Once the train had pulled away the two men redoubled their smoking. My Mom, clearly in agony, looked across at me and said, “Tell them to stop smoking. I can’t breathe. And if you don’t, I WILL.” (Not that she could, as she only spoke the sliverest of Chinese and they didn’t speak even a wink of English).

Now I had a quandary. I had lived in China for a while and had various run-ins with these lawless types, impervious to any of the decorum that keeps a normal, polite society from falling to pieces. They would sooner kill you as spit on you. And there was the whole ‘face’ issue. You must never, ever cause such ruffians to lose face. So I wavered. And my mother suffered and seethed. She again threatened to take matters into her own hand when suddenly it came to me!

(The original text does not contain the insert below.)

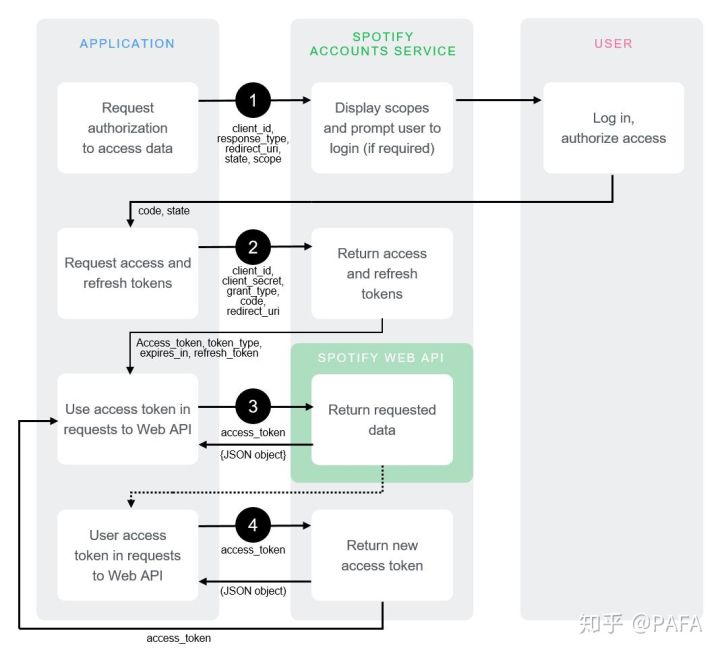 注意:应用程序(openconnectors)会触发初始身份验证请求,将用户重定向到Spotify Accounts Service,他需要确认访问权限,确认后应用程序将重定向回具有新“访问令牌”的“OAuth重定向URL”。使用此“令牌”,应用程序可以代表用户执行所有Web API操作,如果令牌过期,则通过Spotify Accounts Service请求新令牌而无需用户的交互。

“Cough,” I said to her, “Loudly and often.”
She looked perplexed so I repeated my entreaty with maniac zeal.
“Cough. Cough. Cough.” She hacked.

I approached them nervously. I noticed the smaller man’s yellow, nicotine-stained fingers as he took a long, lazy drag.
“I apologize in advance,” I said in Chinese, “but the woman here is my mother and she has been afflicted with a bad case of Tuberculosis and your cigarette smoke is inflaming her raw, gnarled lungs.”

At that both men’s eyes grew wide with fright as they extinguished their cigarettes and rushed off to find a safer locale. Thus, we enjoyed the entire trip in relative smoke-free seclusion. My mother asked me what I said to them and I told her that I had simply asked politely that they not smoke as it bothered her.

To this day I have not confessed the fact I afflicted her with such a malevolent, spur-of-the-moment imaginary disease. I thought putting the story out there and confessing in the relative anonymity of the blogosphere would start the healing process. Sorry Mom.

Do you have any deep, dark secrets you to want to own up to and assuage your conflicted conscious?